Subsequent research into related historical documents has cast some doubt of this theory, and the name was changed officially changed to "castle ruins."

Archaeological excavations have found shards of imported ceramics from the Kamakura and early Muromachi period, hinting that Konishi Yukinaga built the castle on the site of the Aso clan's stronghold.

== Layout ==
The castle was built at a strategic location for land and water transportation on flat ground approximately 100 meters above sea level, overlooking the Midorigawa River and the surrounding plains. The moat and earthworks along its interior remain clearly visible.

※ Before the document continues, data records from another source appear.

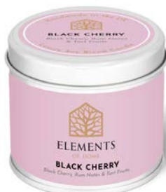
BLACK CHERRY EFSTC02 Sweet Cherries, Rum & Vanilla
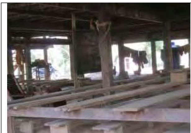
This photo was taken on December 31 st 2014. It shows a temporary teaching place in A'pa Lon village, Win Yin Township, Dooplaya District, which is under a monastery as there is no school in this village. In total there are 65 students from Kindergarten to Sixth Standard. The students are divided into two groups to be taught as they don't have enough space for more classes. One group is taught under the monastery, the other group of students is taught outside. 508
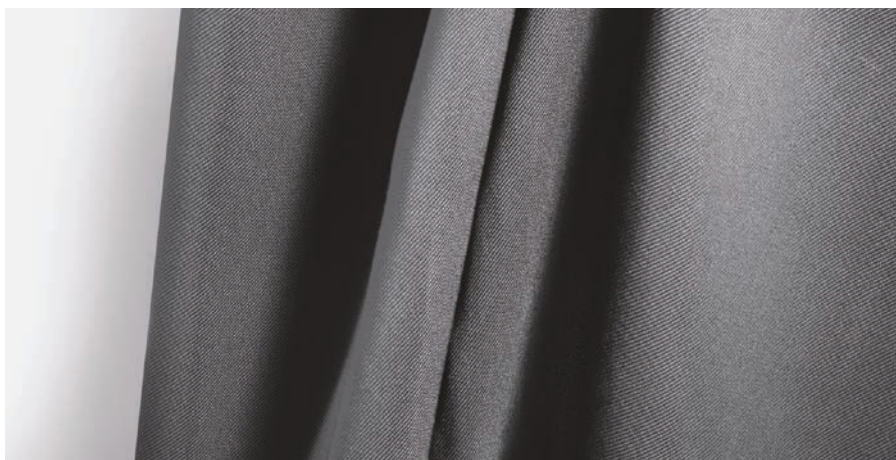
↑ Fabrics made of stretch-broken yarn exhibit an excellent drapability

Carbon fiber fabrics made of stretch-broken yarn exhibit a high porosity/permeability and good conductivity in combination with an excellent drapability and high tensile strength. These properties make them suitable as an electrode material for many applications, e. g. in the field of electrolysis, [microbial] fuel cells, electrochemical sensors or as catalyst carriers. By varying the fabrication parameters, i. e. the used yarn, the weaving parameters, or applying post-treatments, the fabrics can be adjusted to the requirements of the specific application.

Excavations have revealed that the castle stretched over 210 meters east-to-west and over 190 meters north-to-south. The castle was originally a square structure with gates on the northwest and southeast.

== Access ==
The castle site is approximately 1.6 kilometers east of the Kōsa Town Hall, and 17.2 kilometers east of Matsubase Station on the JR Kyushu Kagoshima Main Line.

==See also==
- List of Historic Sites of Japan (Kumamoto)

== Literature ==
- Schmorleitz, Morton S. (1974). "Castles in Japan"
- Motoo, Hinago (1986). "Japanese Castles"
- Turnbull, Stephen (2003). "Japanese Castles 1540-1640"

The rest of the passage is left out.